The acromioclavicular joint is where the scapula meets the clavicle.
A group of muscles and tendons known as the rotator cuff covers the top of the humerus and attaches it to the scapula. This tissue allows you to move your arm and provides your shoulder’s range of motion.
A fall, accident, blow to the shoulder, repetitive motions, or conditions like arthritis can affect the structures in and around your shoulder and contribute to pain. Pain may occur only when you move your shoulder or all of the time. It can be acute (lasting less than 12 weeks) or chronic (lasting longer than 12 weeks).
Shoulder Pain Symptoms
Signs of a shoulder problem may include:
Pain in your upper arm or the front or back of your shoulder
Shoulder and upper arm weakness
Pain with shoulder or arm movement
A “catching” sensation in your shoulder
Shoulder Pain: A Hinge Health Perspective
There are a lot of different causes of shoulder pain, which we’ll discuss below. No matter the primary cause of your shoulder pain, know this: There are always steps you can take to get back to doing what you love. Whether you’ve been diagnosed with arthritis or shoulder instability —or have no diagnosis at all — you’re not stuck with your pain. You can always take action to improve your situation — and that often starts with moving more. As our Hinge Health care team says, movement is medicine.
Causes of Shoulder Pain
Many people wonder: “Why does my shoulder hurt if I haven’t had an injury recently?” Causes of shoulder pain can be grouped into two main categories: soft tissue issues and bone-related issues.
Soft Tissue Issues
Soft tissue refers to muscles, tendons, ligaments, nerves, and other structures that surround bones and joints. Common problems with soft tissues of the shoulder include:
Bursitis. Bursae are small, fluid-filled sacs located near joints. They act like cushions by reducing friction between muscles and bones when you move. If a bursa in your shoulder becomes inflamed, it can cause shoulder pain, particularly with movement.

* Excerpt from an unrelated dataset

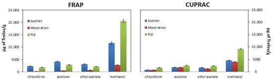 Comparison of the antioxidant properties of walnut husk extracts obtained by extraction in the Soxhlet apparatus (blue bars), maceration (red bars) and pressurized liquid extraction (PLE)(green bars) using different extractants (chloroform, acetone, ethyl acetate and methanol) and FRAP and CUPRAC methods for assessing antioxidant properties.

Tendinitis. Tendons are strong, cord-like structures that attach muscles to bone. Tendon inflammation — often from an injury or repetitive motions that your body isn’t prepared for — can cause pain and discomfort.

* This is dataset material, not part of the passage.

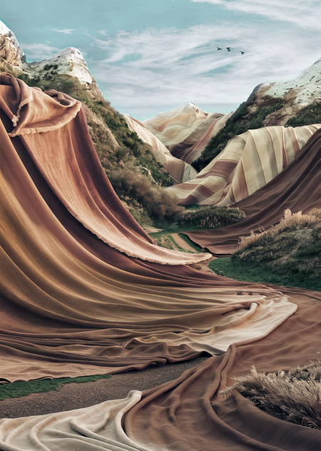 ideogram: breathtaking mountain landscape fabric with folds instead of mountains natural colors

Rotator cuff tear. Tears that affect the muscles and tendons that attach your shoulder blade to your upper arm can cause weakness, pain with lifting, and crackling sounds with shoulder movement. They can result from natural age-related changes to the structures of your shoulder. They can also be the result of a sudden injury (e.g., falling on an outstretched arm) or repetitive overhead motions (e.g., painting, carpentry, tennis).

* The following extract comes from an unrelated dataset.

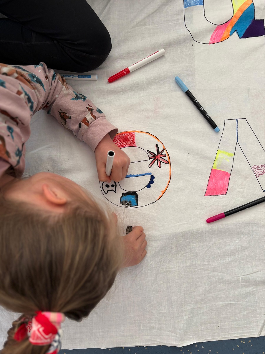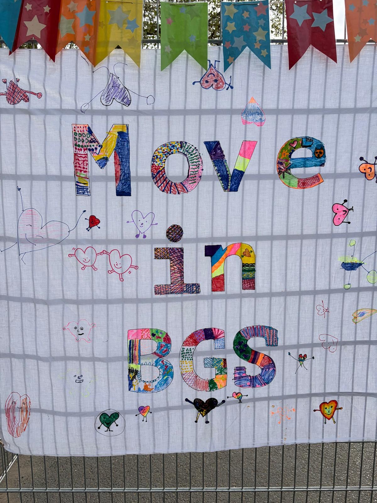 In der restlichen Zeit, wo wir nicht getanzt haben, haben wir uns mit Graffiti beschäftigt und wir haben die Bühnendeko gemacht. Move in School war toll.

It’s important to note that repetitive motions are not inherently bad. Your body is incredibly strong and resilient. But if repetitive movements contribute to shoulder pain for you, it may be an indication that your shoulder needs strengthening and stretching exercises to help it better handle those movements.
Pinched nerve. Sometimes, a pinched nerve in the neck can cause symptoms that travel to your shoulder and even into your arm. It's often a sharp or burning pain that gets worse when you move your neck back and forth or side to side.
Impingement syndrome. Shoulder impingement occurs when a bone puts pressure on the soft tissues of the shoulder during movement and causes swelling and pain.
Frozen shoulder (also known as adhesive capsulitis). An inability to move your shoulder for a long time, such as after a fracture or surgery, can cause the tissues around your shoulder to thicken (develop adhesions). This makes arm and shoulder movement difficult and painful.
Shoulder separation. Ligaments connect bones to one another. A fall or hard blow to the shoulder may stretch or tear the ligaments that hold the acromioclavicular joint together, causing shoulder separation.
Your bones are inherently strong, but many factors can affect the bones that make up your shoulder joint and contribute to shoulder pain, including:
Shoulder instability. If the humeral head (upper arm bone) is forced out of the cup-shaped socket of the shoulder blade, it results in a dislocation. This can cause numbness, muscle spasms, weakness, or tingling in the neck, shoulder, or arm. If dislocations happen repeatedly, it can cause ongoing pain and instability when you raise your arm.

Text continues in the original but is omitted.